Day Trippers

Anne Hathaway falls in love, one year at a time

Imagine meeting and sharing a bed with someone on the night of your college graduation, then leaving the next day to start the rest of your life. You keep in touch, become friends — then best friends, and remain that way for the next 20 years. Now place London and Paris as the backdrop, and let the chips fall where they may. One Day has all the trappings of a typical romance, but adds an intriguing presentation of those trappings and a gasp-worthy twist to the tale.

Director Lone Scherfig adapts David Nicholls' 2009 novel into 108 minutes of mismatched friends and distraught love, following Emma Morley (Anne Hathaway) and Dexter Mayhew (Jim Sturgess) every July 15 as their friendship progresses, digresses, and then progresses again over the course of 20 years.

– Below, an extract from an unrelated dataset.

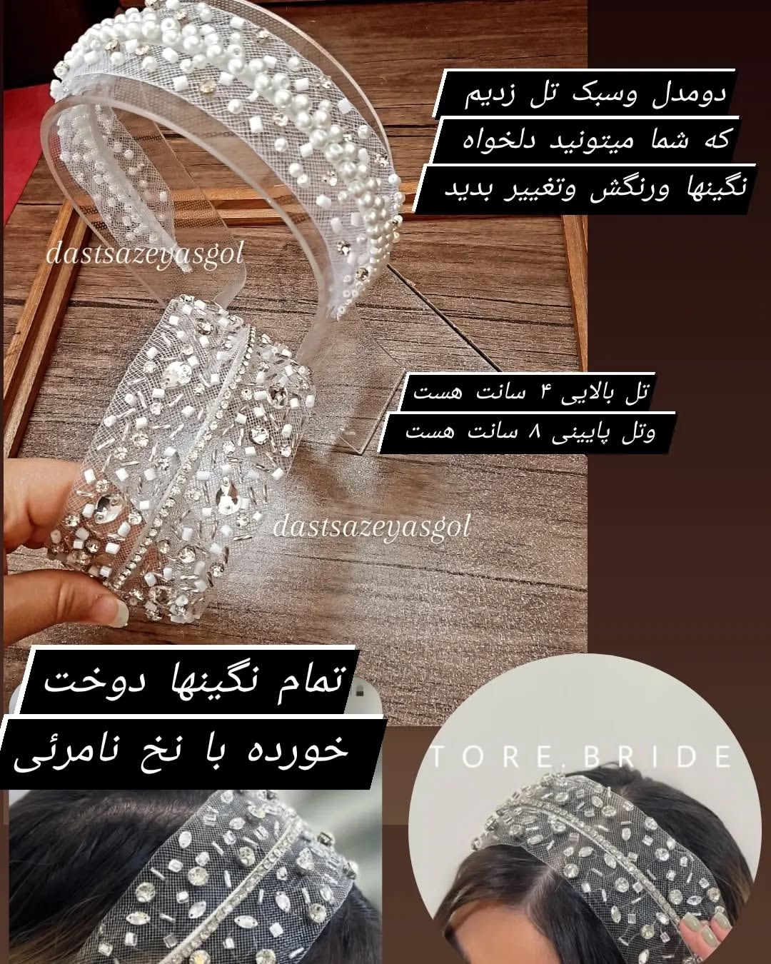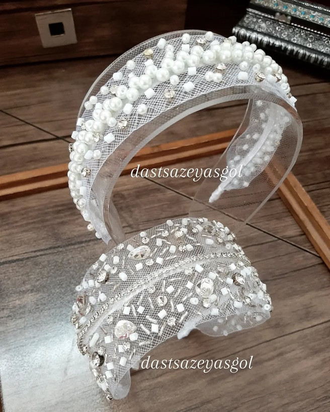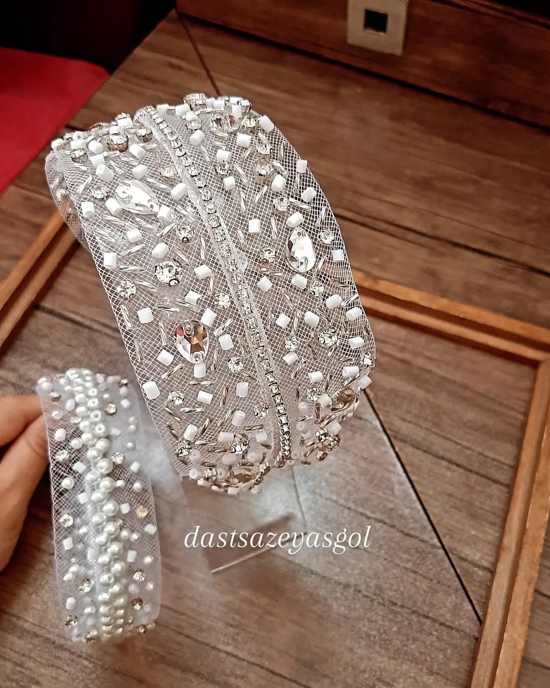 مدلهای تک وخاصه با دوپهنای ۸ و ۴ سانت، تمام نگینها و مروارید و ملیله دوخت خورده، مناسب برای همه سنین و عروس خانمها برای عقد.

They spend the night together after their college graduation in 1988, sparking a friendly relationship rather than a romantic one. Their first July 15 together isn't revealed until the end, leaving the rest of the movie to flash through each year, same date, together or not. They lead separate lives throughout: Emma as a prude believing she can make a difference in the world, and Dexter as a reckless risk-taker who treats that world like his playground.

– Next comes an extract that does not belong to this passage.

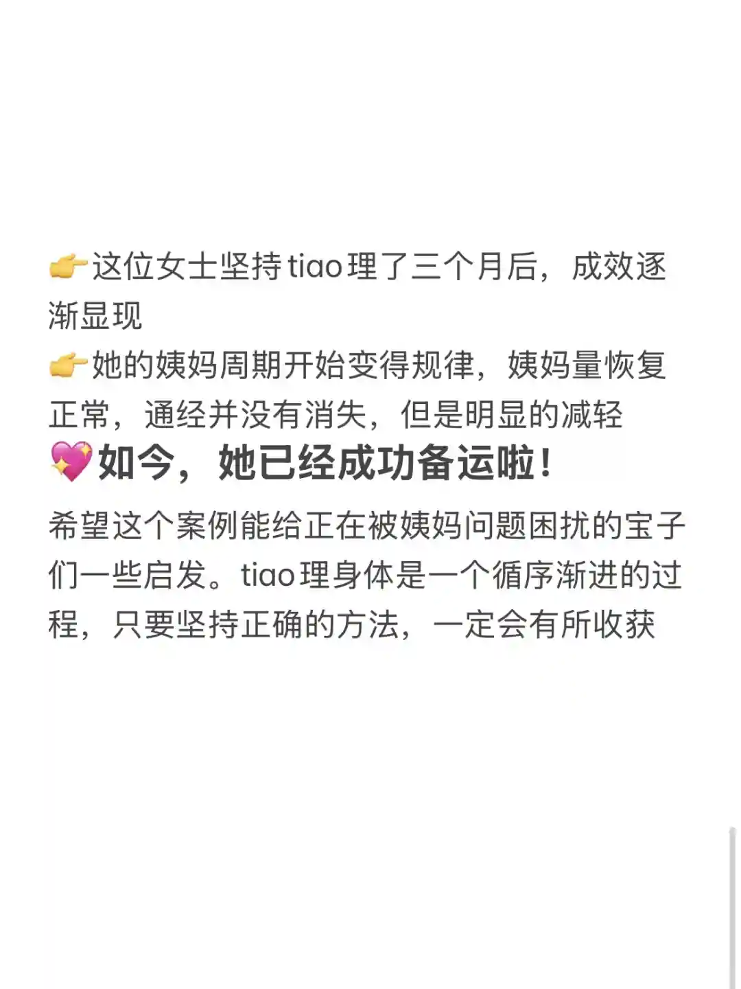 希望这个案例能给正在被姨妈问题困扰的宝子们一些启发。tiao理身体是一个循序渐进的过程,只要坚持正确的方法,一定会有所收获

An aspiring writer, Emma kicks off her career as a waitress at a Mexican restaurant in London. Dexter travels a bit after college and returns home to become a wealthy and famous host of a crappy TV show. As they get older, Dexter becomes an alcoholic, losing his job and his best friend while Emma begins teaching and eventually writes a novel.

They fall in love — Emma with an unfunny stand-up comedian and Dexter with, well, a gaggle of ditzy girls. And as these things go, they can never seem to find the right time to be together. Just when Emma finally ditches her boyfriend, Dexter hands her his shotgun-wedding invitation; when he gets divorced, Emma has moved to Paris and has a sexy new French boyfriend.

In the middle of all this unfortunate timing, two separate and quite opposite people grow as individuals and as a couple through heartbreak and drunken nights, hopes and sacrifices, fights and laughter. And just when you think One Day is heading toward a nauseatingly cheesy ending, a startling turn of events takes hold of the remaining 20 minutes or so and changes the entire movie, but not necessarily in a good way.

Still, Hathaway and Sturgess do some terrific things with the mediocre plot and are totally believable as a couple. (Hathaway's British accent, however, is less believable.) You may feel something as the credits roll at the end of the movie, but those feelings won't stay with you for long.